I will verify that the decision to traverse the tree top down (at a certain
level) leads to better performance and will investigate how to eliminate the
issue of redundant itemsets in that scenario.
Can you please elaborate on this line of code, as I am having a hard time
understanding it:
"minSupportValue = Math.max(minSupportValue,minSupport.longValue() / 2);"
Why would we ever want to change the minsup? I assume that this idea comes from
the
http://citeseerx.ist.psu.edu/viewdoc/download?doi=10.1.1.12.9324&rep=rep1&type=pdf
paper?
> FP-Growth Redundant patterns
> ----------------------------
>
> Key: MAHOUT-709
> URL: https://issues.apache.org/jira/browse/MAHOUT-709
> Project: Mahout
> Issue Type: Bug
> Components: Frequent Itemset/Association Rule Mining
> Affects Versions: 0.4, 0.5
> Reporter: Yarco Hayduk
> Assignee: Robin Anil
> Labels: fp-growth, frequent, parallel, pattern
> Fix For: 0.6
>
> Attachments: SixTransactions.dat, bresult-new.txt, dumpedPatterns,
> patterns-converted.txt
>
>
> The algorithm outputs more patterns that it is needed.
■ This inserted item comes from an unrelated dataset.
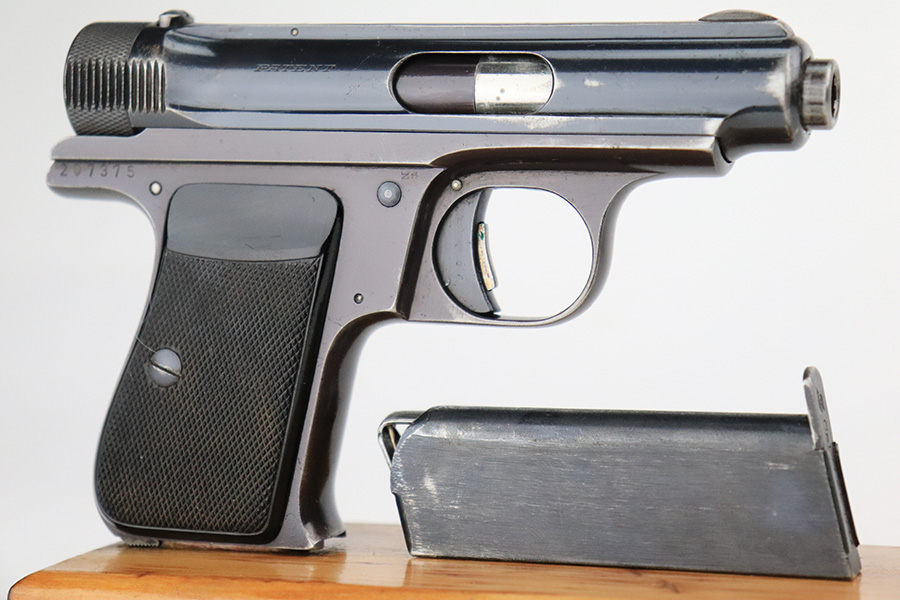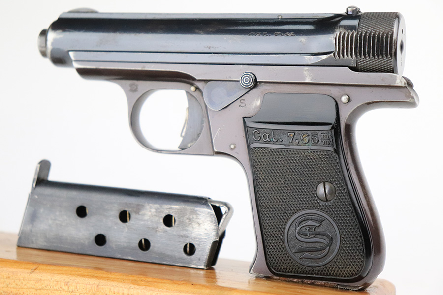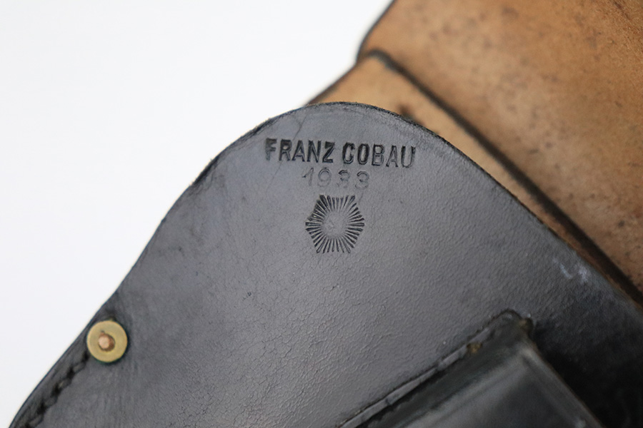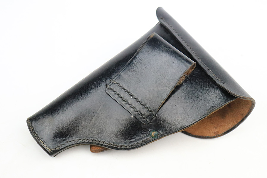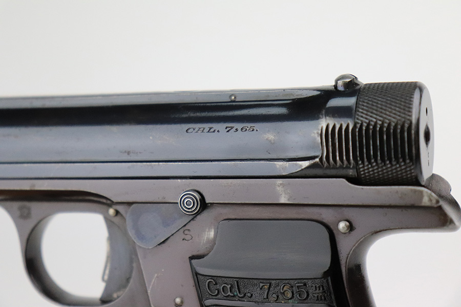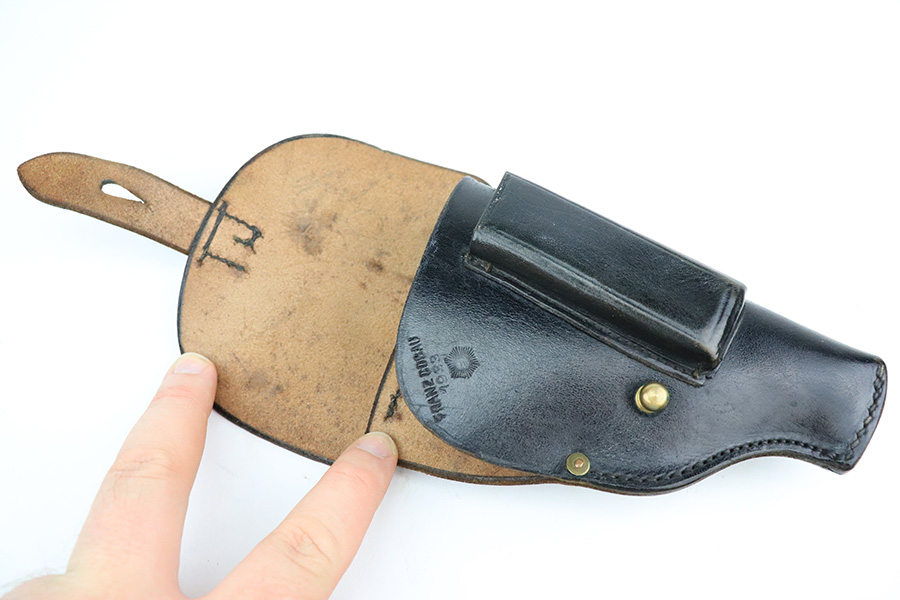 7/19/22 – This is a very nice example of a rare Sauer Behorden pistol. This is a Sauer Model 1913 issued to the Nazi-era Prussian State Police. This is evidenced by the “Starburst K” marking on the web of the trigger guard. This was the last iteration of this pistol before they switched over to the 38h. They were marketed to and almost exclusively sold to Nazi-era police organizations. They had added safety features, such as the additional trigger safety, making them appealing for police. Very few of these guns were produced. This one is all matching and comes as a rig with 1933-dated police holster (un-issued condition), one matching police arsenal-numbered magazine, and one un-numbered magazine. The gun has retained somewhere between 85-90% of its original finish. There is minor muzzle wear and light, somewhat spotty wear along both sides of the slide. Very minor thinning and freckling on the grip straps, especially the back. Excellent black bakelite grips. Mint bore.

> I have tested Mahout's PFP-Growth algorithm with the
> http://www.borgelt.net/fpgrowth.html FP-Growth implementation. This
> implementation has an option to generate closed patterns too.
> When I filtered out the sub patterns from the output of Parallel FP-Growth I
> arrived to the same result, as in http://www.borgelt.net/fpgrowth.html
> Succinctly, you are not outputting closed items
> I am attaching the dummy DB along with the output of both algorithms
--
This message is automatically generated by JIRA.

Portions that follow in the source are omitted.